*** The data ***
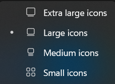 2.Nyt saatneljä vaihtoehtoavalita seuraavista:Pienet kuvakkeet, keskikokoiset kuvakkeet, suuret kuvakkeet, jaErittäin suuret kuvakkeet.Voit valita sen, mikä sinusta tuntuu paremmalta.
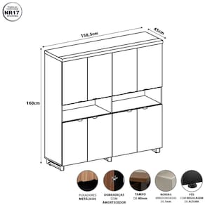 O Armário Estante F5 Office é funcional e versátil, ideal para organizar documentos, materiais e objetos. Com 8 portas e 2 nichos abertos, une praticidade, durabilidade e design moderno para escritórios, home offices e ambientes corporativos.
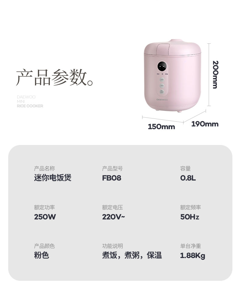 - Capacity(L): 0.8L
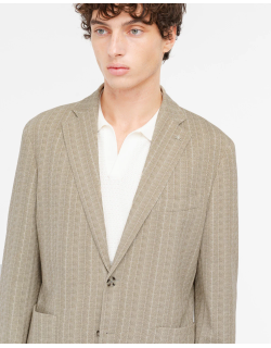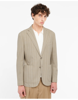 Giacca NUVOLA drop 8 sfoderata in jersey, chiusura due bottoni, due tasche a toppa e un taschino frontali, due spacchi sul retro, quattro bottoni ai polsi, finiture con impunture. Riga in jersey misto cotone stampato
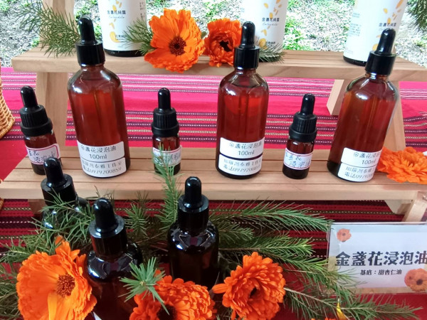 金盞花浸泡油-農業部桃園區農業改良場推動「金盞花浸漬油技術移轉」。(圖/記者姜晴 攝)
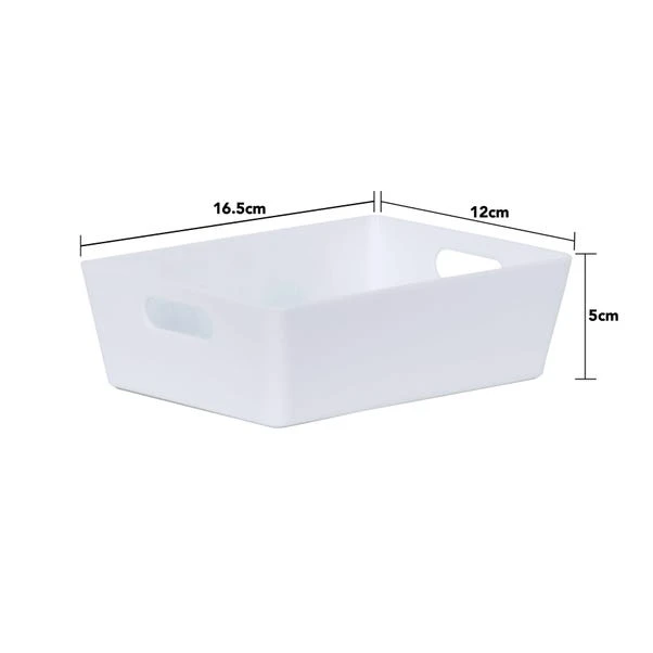 Organise your space in style with Wham’s simple and efficient storage solution, perfect for creating a consistent and ordered look. This set of 5 storage baskets feature a sleek gloss finish that will add a touch of contemporary touch to any space as well as easy wipeable qualities. They can be used for a wide range of purposes, from storing craft accessories and cosmetics to organising cleaning supplies in bathrooms, pantries and laundry rooms. Designed with integral handles, you can effortlessly hold and move them around as needed.
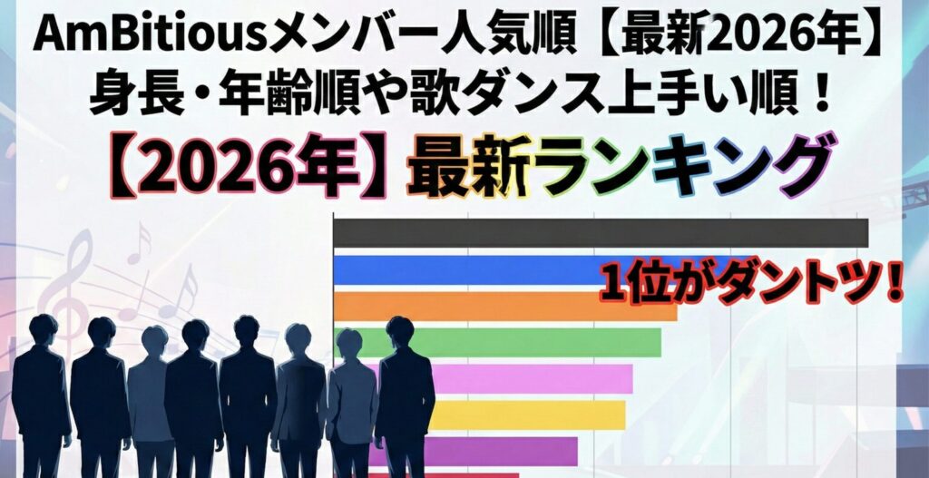 AmBitious(アンビシャス)は、ここ最近の露出増加やパフォーマンス力の高さから、SNSや検索でも「誰が一番人気?」「推しは何位?」と注目度が急上昇中! メンバーそれぞれに個性があり、人気順だけでなく身長・年齢・歌やダンスの実力も気になるところで... -
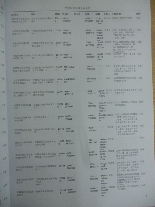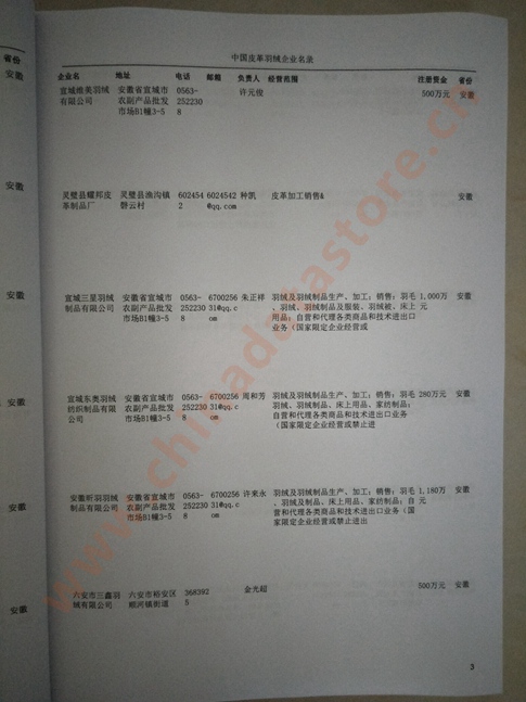 某省或直轄市 | 如上海、浙江皮革毛皮羽絨企業(yè)名單 | 80% - 90% | 600元 | 附贈(zèng)一冊(cè)皮革毛皮羽絨紙質(zhì)印刷品 |
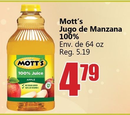 motts juice apple sugar added vitamin mott's jugo manzana reg.
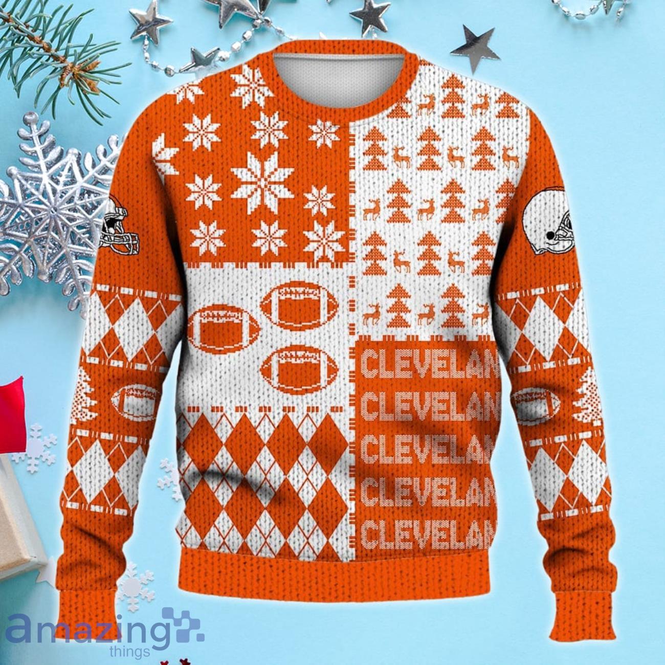 Get into the festive spirit with our Cleveland Ugly Sweater Christmas sweatshirt! Designed with a retro football American sweatshirt pattern, this 3D masterpiece is an absolute must-have for all fans. Made with premium quality materials, this sweatshirt guarantees comfort and durability, keeping you cozy throughout the holiday season. Its eye-catching design showcases your love for Cleveland football in a fun and stylish way. Whether you’re heading to a holiday party or watching the game from the comfort of your own home, this sweatshirt is the perfect way to show off your team pride. Don’t miss out on this iconic piece that combines Christmas cheer with your passion for football. Grab your Cleveland Ugly Sweater Christmas sweatshirt today and spread the holiday cheer!
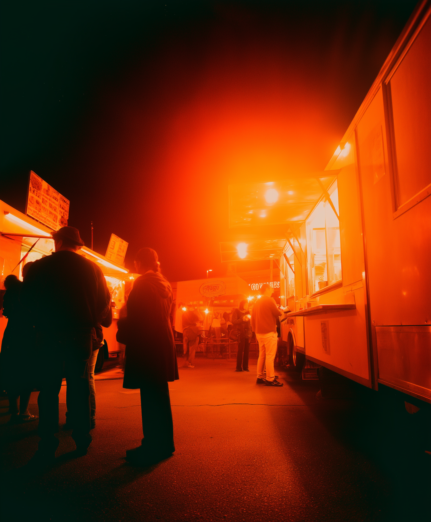 Nighttime food truck scene with glowing orange lights, people in line, and a vibrant atmosphere against a dark sky.
***
Set down exactly, and only, the lines from the one holding "motts juice apple" to the end of the records above, leaving every picture out.

 motts juice apple sugar added vitamin mott's jugo manzana reg.
 Get into the festive spirit with our Cleveland Ugly Sweater Christmas sweatshirt! Designed with a retro football American sweatshirt pattern, this 3D masterpiece is an absolute must-have for all fans. Made with premium quality materials, this sweatshirt guarantees comfort and durability, keeping you cozy throughout the holiday season. Its eye-catching design showcases your love for Cleveland football in a fun and stylish way. Whether you’re heading to a holiday party or watching the game from the comfort of your own home, this sweatshirt is the perfect way to show off your team pride. Don’t miss out on this iconic piece that combines Christmas cheer with your passion for football. Grab your Cleveland Ugly Sweater Christmas sweatshirt today and spread the holiday cheer!
 Nighttime food truck scene with glowing orange lights, people in line, and a vibrant atmosphere against a dark sky.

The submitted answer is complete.